Choices: The Nexxt washing machines are offered in two levels, the 3200, and the 6400. The 3200 is the base machine, the machine I am reviewing here, and the 6400 is the premium washer. The cost difference between the two units, despite the numbering sequence, is not double, but only a couple of hundred dollars more. The extra price buys a couple of more options, and a 200 RPM increase in maximum spin, but for the most part they are very similar.
Differences from the Top-Loader: While there are some excellent and very gentle top-loading washers on the market, the differences between front-loaders and top-loaders are extensive. First, the basic operation of the wash cycle of a front-loader is to force dirt from the clothes hydraulically. Most top-loaders use a centrally located agitator, which swirls the clothes around in the wash water, and often mechanically wrenches the clothes while doing so. The front loader most often uses a drum with paddles, and as the drum rotates, it meaningfully sloshes the wash into the detergent laden pool below, and forces the wash water through the fibers of the fabric ever-so-gently. More advanced front-loaders also have a detergent delivery system in the paddles of the drum that shower the clothing below with the detergent solution while the lower paddles manage the clothes in the top-bottom center of the drum.
Front-loaders rinse clothes in the very same fashion as they wash them, and the process is very efficient. As a rule, front-load washers also spin faster than top-loaders, and they manage to extract more water from the wash load. This lightens the load on the clothes drying equipment, and saves energy, it can however, be hard on clothes in its own right. Differing from top-loaders, however, the front-loader does not fill its tub with water. This offers a very significant savings in water usage. Even though they use less water, it is my belief that most front-loaders offer a more complete rinse of laundry than most top-loaders.
Description of the Bosch Nexxt Washer: The Bosch 3200 is a full-sized washing machine, with a tub capacity of 3.03 cubic feet. This capacity equates with a large capacity top-loading washing machine. The machine is as tall as a standard top-loader, but on the Bosch available pedestals is eight inches taller. The effect is that of very tall machines, but not to worry, because you won't be reaching over the top and into the machine to move the laundry. The machine features a plastic tub with a stainless steel wash basket configured with three Archie paddles (paddles that not only agitate clothes, but also distribute the detergent mix on to the top of the clothes as part of their function). The control panel is front mounted and more or less horizontal. It features an LCD display for timing, a rotary knob for cycle selection, and six easy press buttons for other options. For safety, the 3200 magnetically locks its door during operation. Still, if you need to add that errant sock or underdrawers, you can still do so by pausing the machine. Of course, it is not recommended that you add clothes after the wash cycle.
The Nexxt washer ships complete with braided, reinforced water connections, and a full drain pipe with wall attachment.

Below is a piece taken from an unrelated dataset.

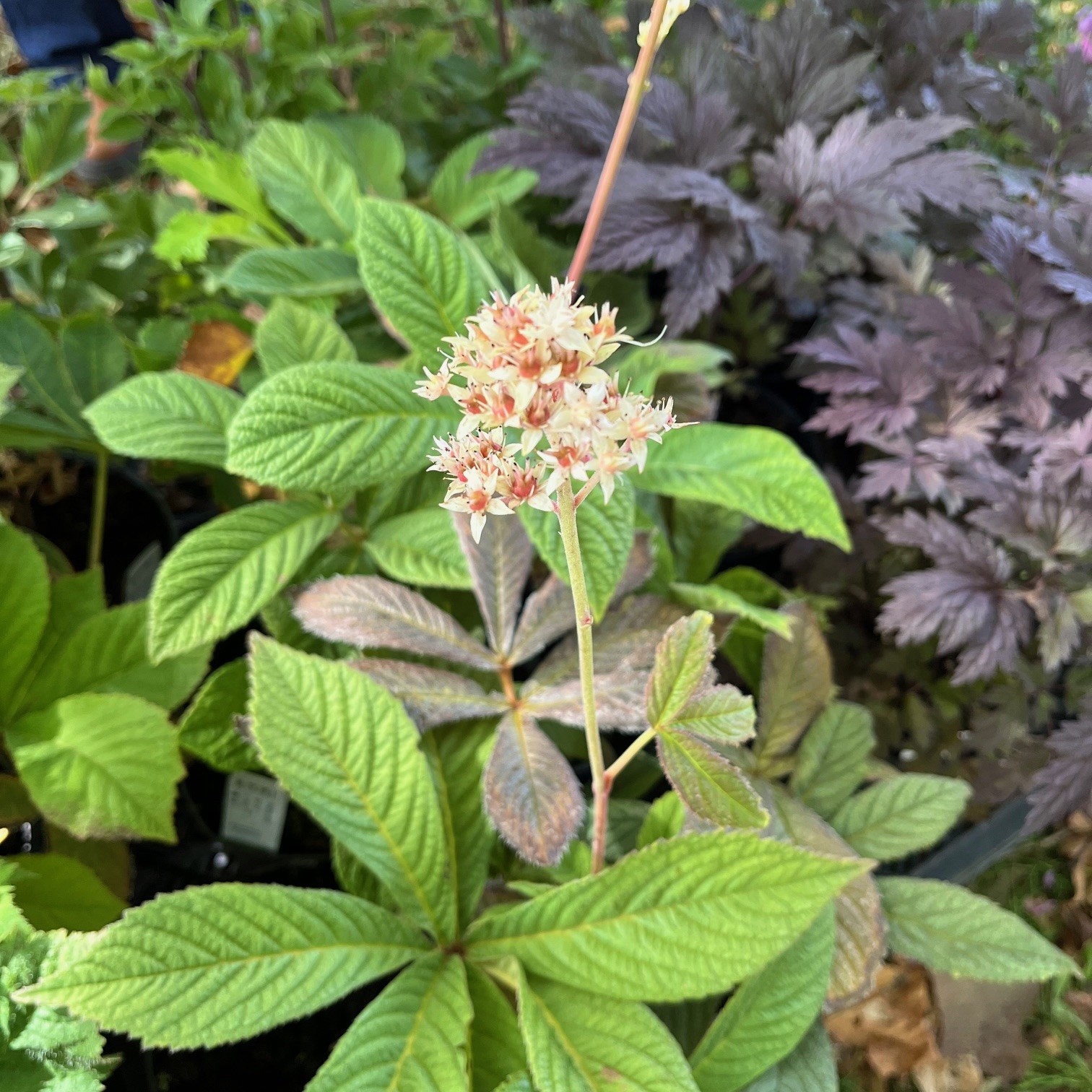 De Rodgersia henrici heeft een groot decoratief blad. De lichtroze bloemen verschijnen in de maand mei/juni De bloemen staan op lange bladstelen. Hoogte : 120 cm.
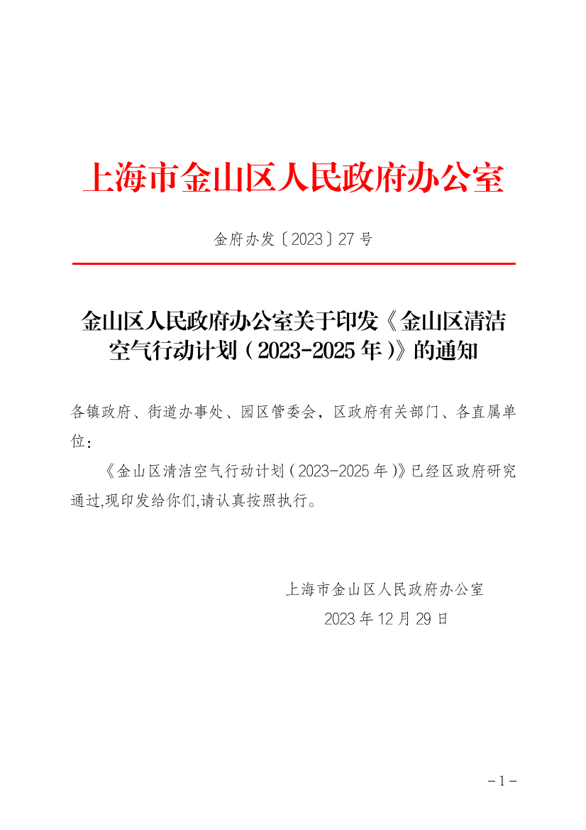 《金山区清洁空气行动计划(2023-2025年)》已经区政府研究通过,现印发给你们,请认真按照执行。

The door of the washer is substantial and opens to the left of the operator. With the matching dryer, which has a door hinged to the right, the movement of laundry from the washer to the dryer takes little effort. The washer and dryer are paired very well to one another, and the dryer has cycles programmed in it to keep you from having to wait on the dryer to finish before you unload the washer, a kind of sychronization. The two machines are very well matched.

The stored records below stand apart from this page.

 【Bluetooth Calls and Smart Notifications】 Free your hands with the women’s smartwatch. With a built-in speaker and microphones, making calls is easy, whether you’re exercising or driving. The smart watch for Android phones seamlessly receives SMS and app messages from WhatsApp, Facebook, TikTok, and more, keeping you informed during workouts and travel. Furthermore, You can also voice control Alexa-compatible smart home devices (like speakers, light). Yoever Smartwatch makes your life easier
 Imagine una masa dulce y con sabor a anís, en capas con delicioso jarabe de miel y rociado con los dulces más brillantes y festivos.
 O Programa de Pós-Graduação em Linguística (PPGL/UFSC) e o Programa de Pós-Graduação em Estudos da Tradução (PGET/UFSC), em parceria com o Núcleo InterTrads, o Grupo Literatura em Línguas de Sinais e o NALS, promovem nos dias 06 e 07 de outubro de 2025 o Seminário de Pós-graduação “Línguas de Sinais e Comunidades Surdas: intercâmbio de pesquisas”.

Operation: Although appearing a bit complicated, choosing a wash cycle with the control panel is simple. The rotating knob chooses the cycle you want. There are cycles for permanent press, regular/cottons, and then there are the delicates, hand wash, wool, active wear and quick-mix cycles, all tailored for the fabric choice. there is also a manual control section, where you can force the machine to drain, soak or spin. There are also six easy-touch buttons on the machine to add options to your wash cycle. By pushing the bleach cycle, you add a cycle that introduces the bleach at the proper time to your wash load. You can add an additional rinse to your cycle by pushing the "rinse plus" button. You can do a profile wash by invoking the "power wash" feature. You can also adjust the spin speed in four gradients if you so desire, there is "max", "reduced", "gentle", and "no final spin". A red LCD display informs you of time left in cycle, time left until a delayed wash is started, and any error codes that may befall the machine. Red status lights of "door locked", "wash", "rinse", "spin" and "finished" tell you where the machine is in its operation.

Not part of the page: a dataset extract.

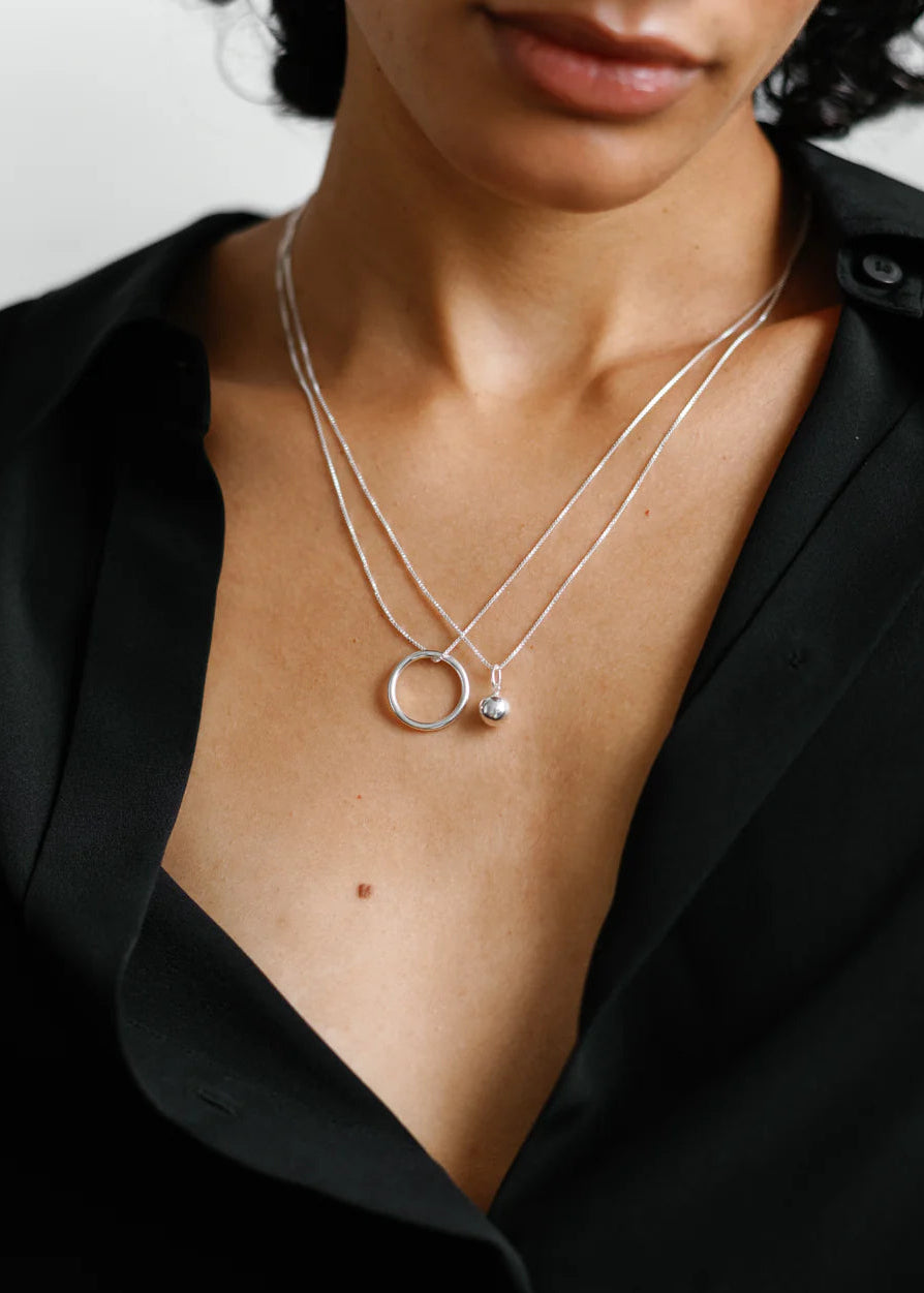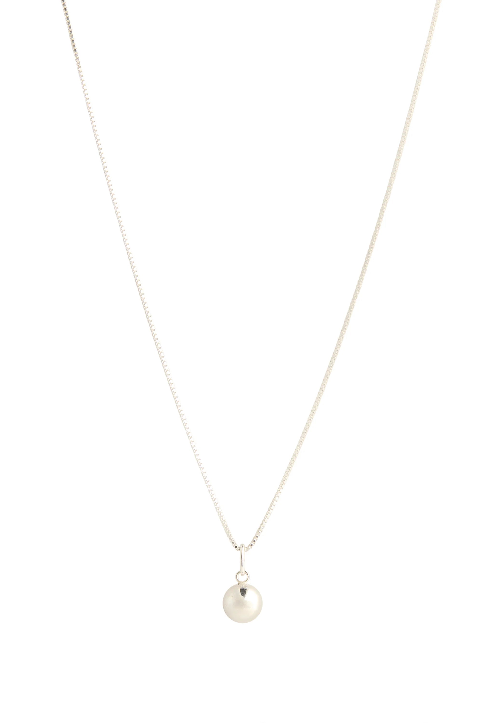 Nevan necklace featured a smooth, sphere pendant hanging from a Box Chain, all made of 14k Gold Filled. A classic, versatile, every day necklace.

Cycles: For cottons, there are four cycles, and they differ by wash temperature, there is cold, warm, and hot, plus an additional temperature boost, the final cycle heating the wash water to 155 degrees Fahrenheit. For permanent press there is "cold", "warm" and "hot". Then there are the cycles I mentioned above for wool, delicates, active wear and hand wash, all with customized washing profiles for those fabrics. Finally, there is the quick mix, a warm, quick wash for generally sturdy fabrics, a cycle that would work with most anything you have in your laundry basket that's not delicate or special in some way. You are still recommended to sort laundry by weight and color, however. You'll notice the machine has no setting for load size, that is because it has sensors to adjust the wash water to exactly the correct amount. This is an automatic function that requires no input from the operator.
Adding Detergent/Softener/Bleach: Adding wash chemicals is simple and done through the dispenser array underneath a cover on the upper left side of the control panel. The "funnels" for the products are large and easy to use, and they also come out and come apart for easy rinsing in the kitchen sink should the mood hit you. Water is pumped up into these containers to bring the product into the wash load, so very little if any accumulates. Detergent is mixed into the wash load using the Archie paddles, and it is done very thoroughly, with no chance of spotting or marks from detergent overload.
Performance: This machine does an excellent job on laundry, and far exceeded my expectations. Its gentle but thorough wash cycles have provided results that I did not expect. After its 1000 RPM spins, clothes emerge just slightly damp, so they dry very quickly inside the dryer. The machine is simple to use and so very effective on laundry. The slightly tilted tub drains water and makes removing laundry a snap. A window in the door of the washer allows you to monitor the activity within, and offers peace-of-mind that everything is going OK.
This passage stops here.